<<<<

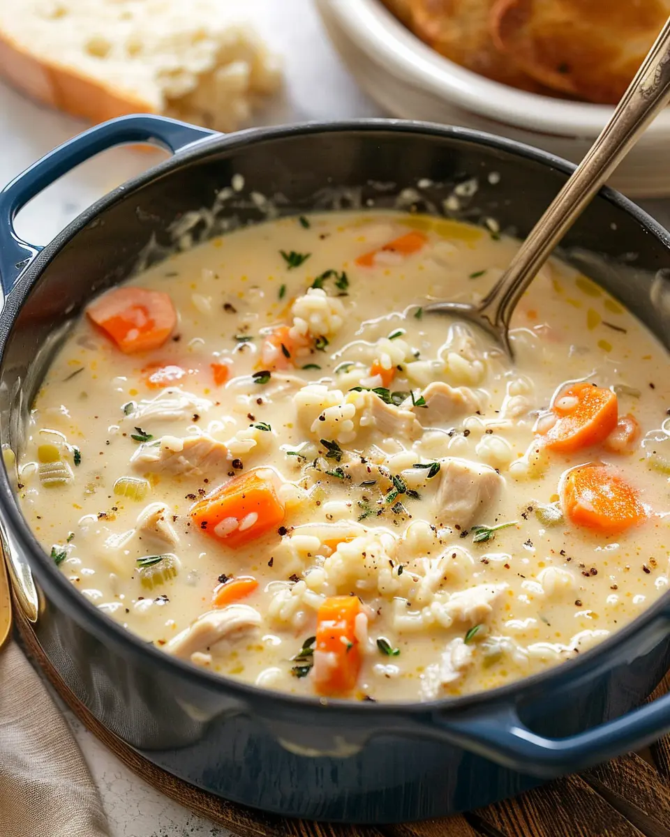 So roll up your sleeves, experiment, and enjoy your deliciously personalized creamy chicken and rice soup!
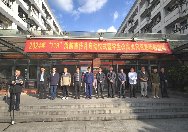11月6日下午,学院在南区学生公寓举行2024年“119”消防宣传月启动仪式暨学生公寓火灾应急疏散演练。学院党委副书记石旭明、警务站警务专员张幼良、越城区消防救援局东浦应急消防管理站副站长袁家力、相关职能部门及各分院分管书记、越城区消防救援局作战员、学院义务消防员、校园义警、公寓管理员、书院自管会等300余人出席仪式。保卫处负责人主持仪式。
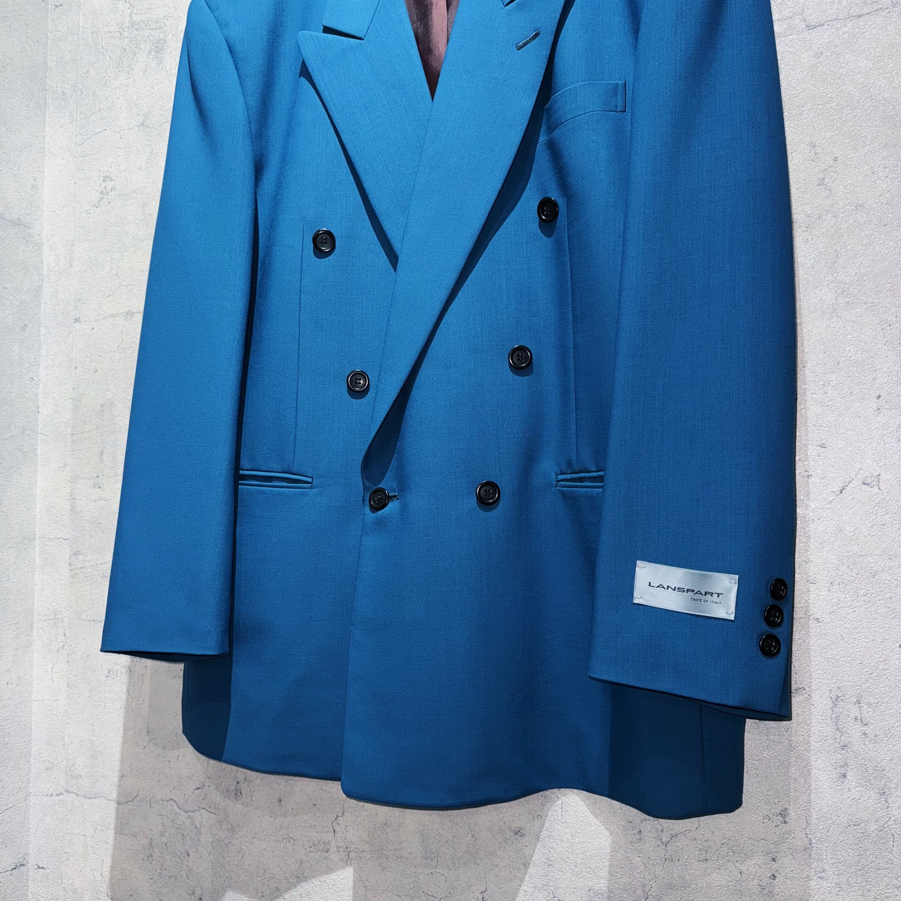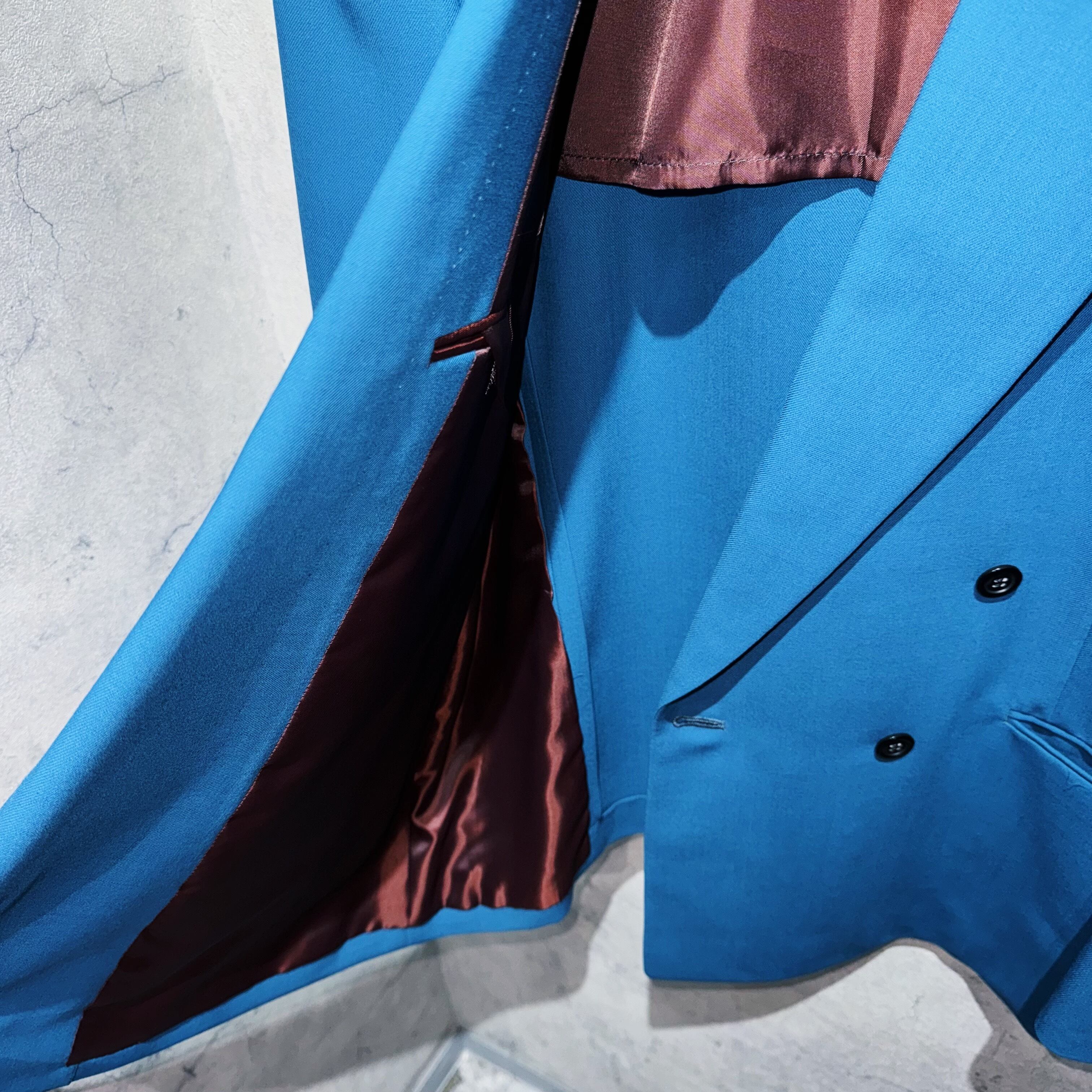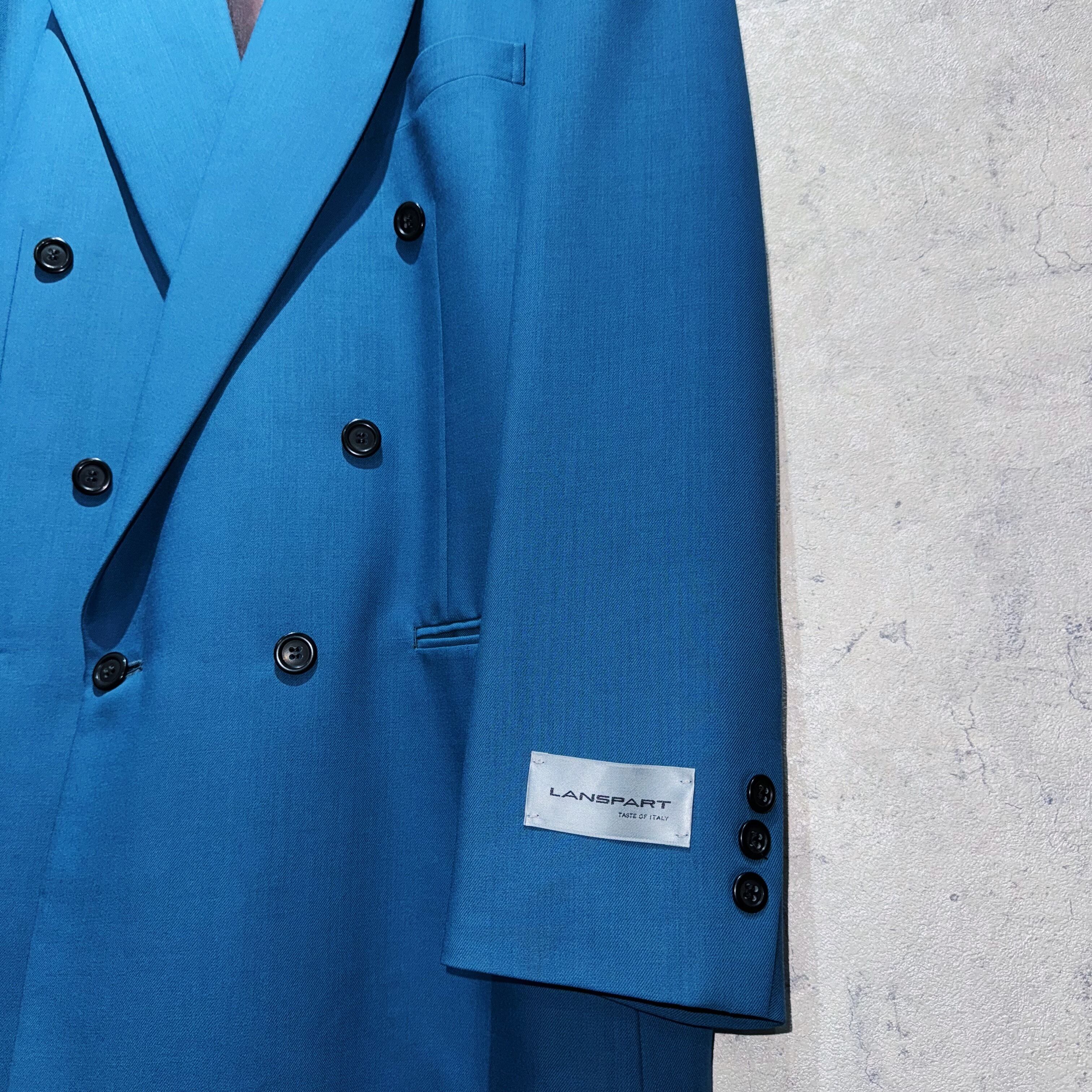 程よく上品な光沢を放ち、美しく発色するムーンシャインブルーブルーを身に纏ったダブルブレストのセットアップ。

>>>>

_WORK REQUIRED_.
Each line above is to be copied verbatim. Drop any image from the copy.

_SOLUTION TO THIS EXERCISE_.
 So roll up your sleeves, experiment, and enjoy your deliciously personalized creamy chicken and rice soup!
11月6日下午,学院在南区学生公寓举行2024年“119”消防宣传月启动仪式暨学生公寓火灾应急疏散演练。学院党委副书记石旭明、警务站警务专员张幼良、越城区消防救援局东浦应急消防管理站副站长袁家力、相关职能部门及各分院分管书记、越城区消防救援局作战员、学院义务消防员、校园义警、公寓管理员、书院自管会等300余人出席仪式。保卫处负责人主持仪式。
 程よく上品な光沢を放ち、美しく発色するムーンシャインブルーブルーを身に纏ったダブルブレストのセットアップ。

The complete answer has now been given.